Page 25 of We Are Water


  When we got back to the house, Belinda Jean wasn’t there, thank God. She and Peggy Konicki had gone down to Ocean Beach for the day. I tried to calm Claude down, but he wasn’t in any mood to listen to the likes of me. And when I suggested that maybe Belinda and me could go see Pastor Frickee and he could talk some sense into her, he grabbed my arm and squeezed it and said I was to leave that do-gooding minister out of our personal business or else. All day long, Claude kept walking around the house and out in the yard, short of breath and slamming things and mumbling to himself about “killing that black bastard.” I’d never seen him so mad, and I was scared skinny for Belinda Jean.

  When Belinda come home around seven or so, she was wearing that terry cloth poncho I’d sewn her and her bathing suit underneath. He hair was in a ponytail and she was looking sunburnt and healthy. Claude come right at her, backhanding her in the face and splitting her lip. He called her “a disgrace” and “a coon’s whore” and told her to pack her things and get out of his house.

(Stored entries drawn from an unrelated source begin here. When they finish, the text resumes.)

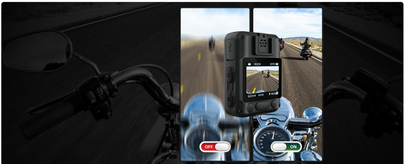
Image: The RT79 Body Camera illustrating its anti-shake capability during motion recording.

Image: A visual comparison demonstrating the effectiveness of the automatic night vision feature.
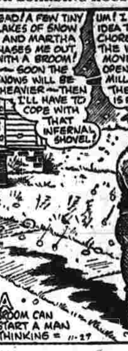
BORN THIRTY YEARS TOO SOON
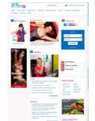
Country Specific Editions
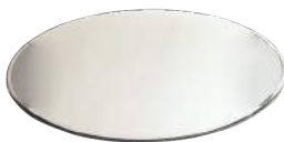
Mirrored Plate Round Stock Code: C1980A

Also available with a mirrored top Stock Code: C1424A
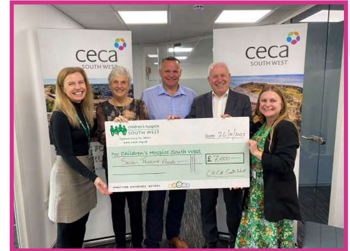
Left: Supported by CECA SW members and their supply chain partners, the 'Lycra Dads' raised over £6,000 from their charity bike ride. Above: a staggering £7,000 was raised at CECA South West's Annual Lunch for Children's Hospice South West
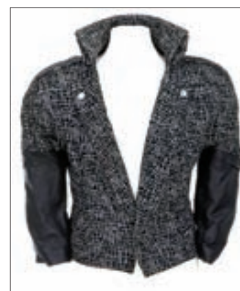
Prince “Purple Rain” jacket is shown in this image released on 29 April 2016.

“Now, all bets are off,” Chanes said, adding that the
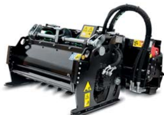
PLANER (1000 mm)
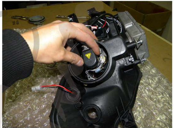
32. Connect the HID socket to the HID bulb
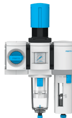
High-end solution MS6-EMFR-...-B + MS6-LF

The filter regulator LFR-B is available either with an integrated pressure gauge or a 1/8" connection, for example for round pressure gauges.
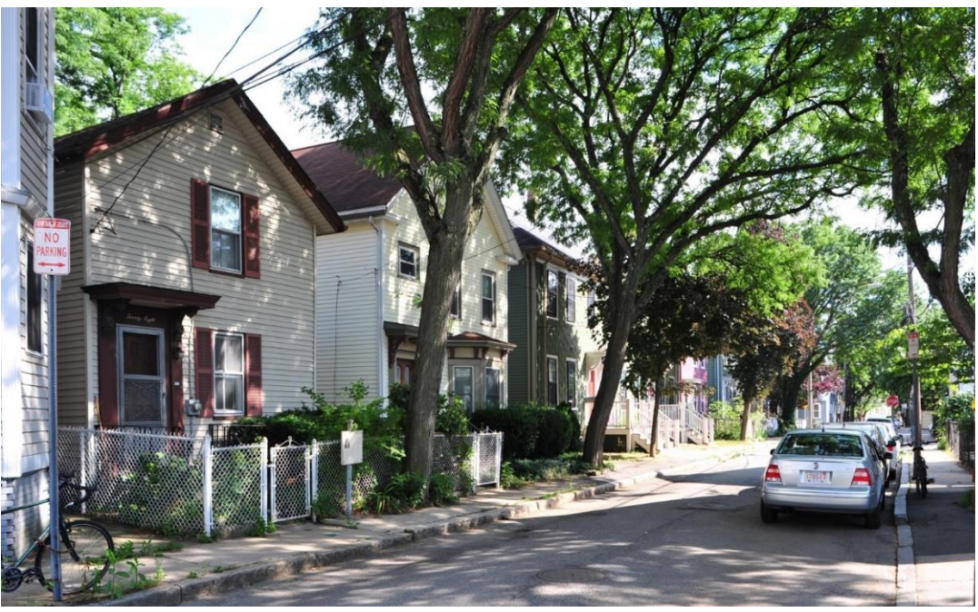
Even side of Union Street, looking south. #28 is at the far left. CHC photograph, July 2020

The zoning allowances of the C-1 zone, the presence of additional development potential on the site, and Cambridge's robust housing market will continue to put pressure on the property to be developed as fully as possible.
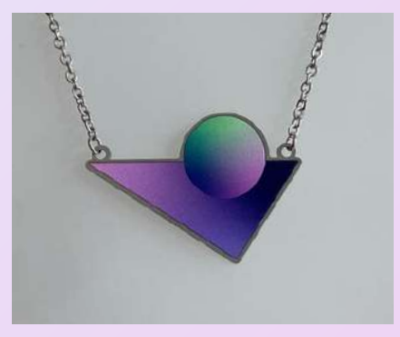
COSMIC TRIANGLE NECKLACE Code: CM-N-B
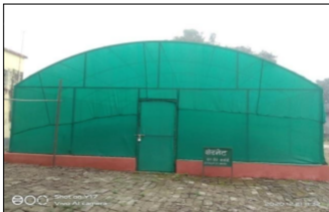
Shade Net House
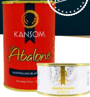
Natural Wild Blacklip Abalone in Brine

  “And go where?” she sobbed. I was crying. She was crying. Claude was wheezing like he’d just run all the way up Jailhouse Hill.

  “I don’t care where,” he said. “Plumb to Hell for all I care, because that’s where you’re headed sooner or later anyway. Or why don’t you go next door and live with those two niggers and that white slut they share.”

  “Daddy,” she kept sobbing. “Daddy, please. We’re just friends, that’s all. I didn’t do anything wrong.”

  “No? Letting him see you the way only a husband’s got a right to see his wife? Letting him make a dirty picture of the two of you and hang it up for everyone in town to ogle? I don’t know what devil spawned you, little girl, because you sure ain’t my child. Not anymore you ain’t. Now go! Get out of my sight! You don’t live here no more, period.” He wouldn’t back down. Wouldn’t listen to reason. And so she put a few things in a paper bag and left.

  I was sick to my stomach all night long with worry about her. Where was she? Was she safe? Should I call the police? I would have, but I was afraid it would set him off again. I didn’t sleep a wink all night with him in the other bed, wheezing and cursing and muttering terrible things about having a score to settle with the nigger who’d ruined his daughter.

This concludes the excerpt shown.